Department of Microbiology and Immunology and the Cancer Research Institute, University of California San Francisco, San Francisco, California, United States of America.
PLoS One. 2010 Dec 3;5(12):e15184. doi: 10.1371/journal.pone.0015184.
The CD94 transmembrane-anchored glycoprotein forms disulfide-bonded heterodimers with the NKG2A subunit to form an inhibitory receptor or with the NKG2C or NKG2E subunits to assemble a receptor complex with activating DAP12 signaling proteins. CD94 receptors expressed on human and mouse NK cells and T cells have been proposed to be important in NK cell tolerance to self, play an important role in NK cell development, and contribute to NK cell-mediated immunity to certain infections including human cytomegalovirus. We generated a gene-targeted CD94-deficient mouse to understand the role of CD94 receptors in NK cell biology. CD94-deficient NK cells develop normally and efficiently kill NK cell-susceptible targets. Lack of these CD94 receptors does not alter control of mouse cytomegalovirus, lymphocytic choriomeningitis virus, vaccinia virus, or Listeria monocytogenes. Thus, the expression of CD94 and its associated NKG2A, NKG2C, and NKG2E subunits is dispensable for NK cell development, education, and many NK cell functions.

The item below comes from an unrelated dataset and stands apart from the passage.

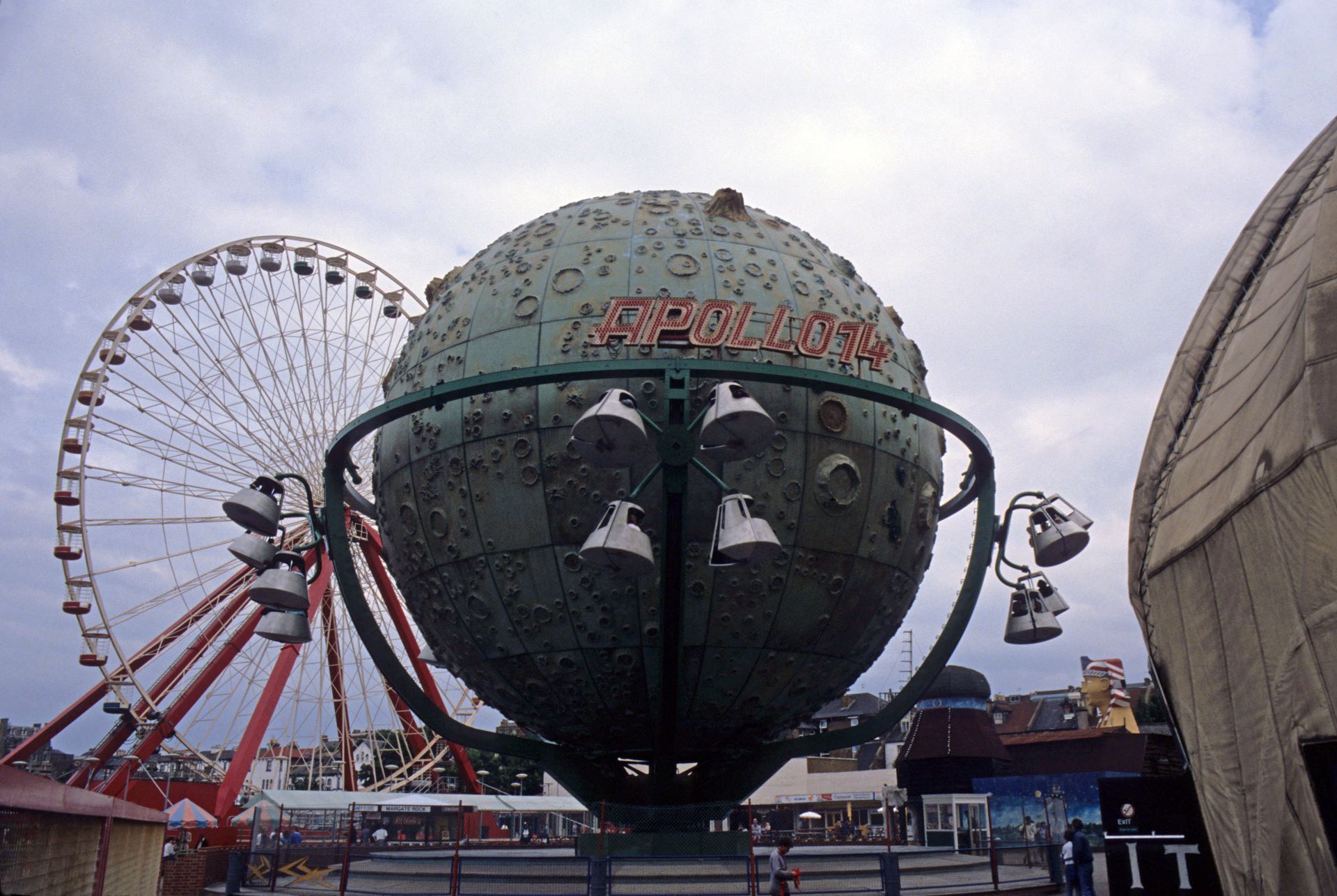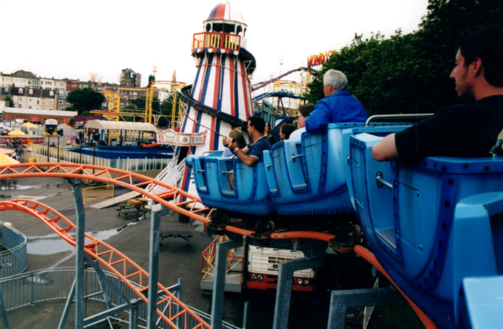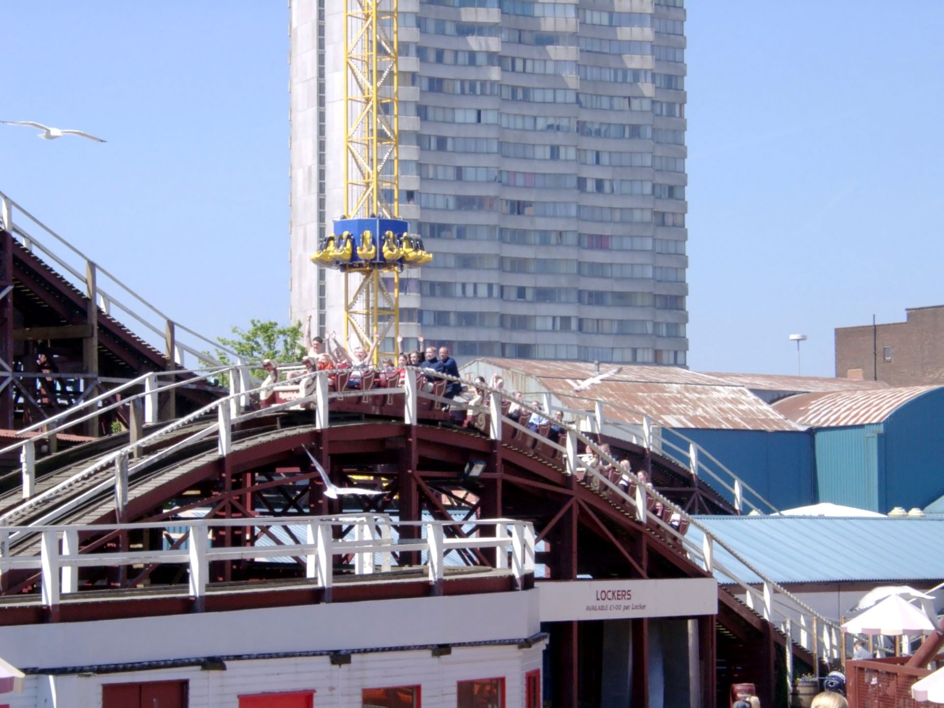 Scenic Railway’s gently thrilling, yet deceptively lengthy, double out-and-back choreography successfully mesmerized riders of all ages until the first closure of the park in 1938 owing to it passing into liquidation, an unfortunate development that may nevertheless have somewhat fortuitously coincided almost exactly with the outbreak in Europe of World War II. Dreamland reopened in 1946 under the ownership of Billy Butlin, an individual probably largely unheard of in North America but whose business acumen, along with an apparent capacity to see into the future, single-handedly shaped the manner in which the populace spent its newfound leisure hours and disposable income in post-war England every bit as much as did that of a certain Walt Disney in the United States. While other rides and attractions came and went as the decades passed, the majestic Scenic Railway continued to proudly serve as a baby boomer rite of passage, in particular for generations of residents of London and the southeast corner of the country, through a variety of park owners and incarnations. Indeed, its name and image were seemingly indelibly branded onto the very social fabric of the era. Almost every citizen of the United Kingdom, even those who had never felt even the slightest inclination to venture as dangerously close to France as the windswept Kent coastline, was somehow at least vaguely familiar with it, possibly largely because of its frequent appearances as a backdrop in television shows and movies.
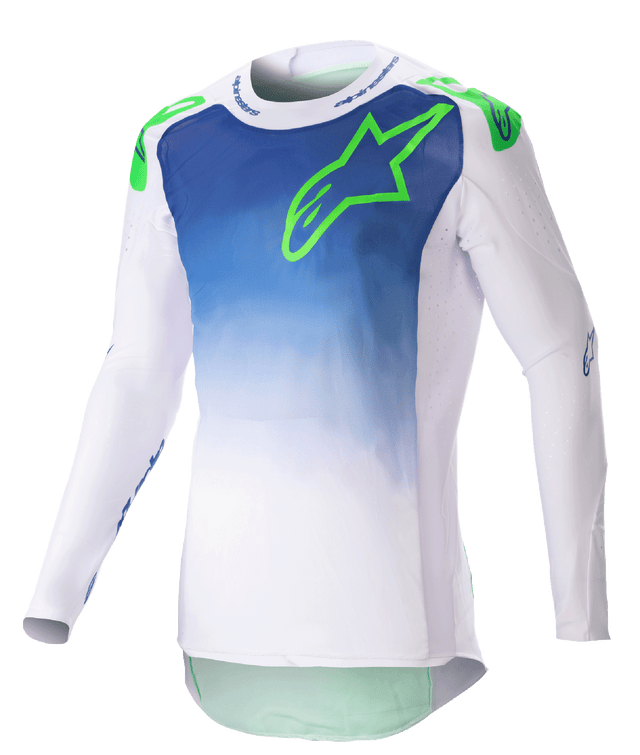 Supertech is Alpinestars innovative Pro Level Motocross apparel line, designed for superior dirt riding performance. With an engineered design for an athletic ‘race’ fit, a chassis consisting entirely of advanced stretch mesh and an ultra-lightweight construction, the Supertech Jersey is Alpinestars lightest ever MX jersey. Featuring a host of SX and MXGP race-proven technologies, the Supertech Jersey delivers optimum levels of flexibility, freedom of movement, ventilation, durability and comfort.

CD94 跨膜锚定糖蛋白与 NKG2A 亚基形成二硫键异源二聚体,形成抑制性受体,或与 NKG2C 或 NKG2E 亚基形成具有激活 DAP12 信号蛋白的受体复合物。在人和小鼠 NK 细胞和 T 细胞上表达的 CD94 受体被认为在 NK 细胞对自身的耐受中很重要,在 NK 细胞发育中起重要作用,并有助于 NK 细胞对某些感染(包括人类巨细胞病毒)的免疫。我们生成了一个基因靶向的 CD94 缺陷型小鼠,以了解 CD94 受体在 NK 细胞生物学中的作用。CD94 缺陷型 NK 细胞正常发育并有效地杀伤 NK 细胞敏感的靶细胞。缺乏这些 CD94 受体不会改变对小鼠巨细胞病毒、淋巴细胞性脉络丛脑膜炎病毒、牛痘病毒或李斯特菌的控制。因此,CD94 的表达及其相关的 NKG2A、NKG2C 和 NKG2E 亚基对于 NK 细胞的发育、教育和许多 NK 细胞功能是可有可无的。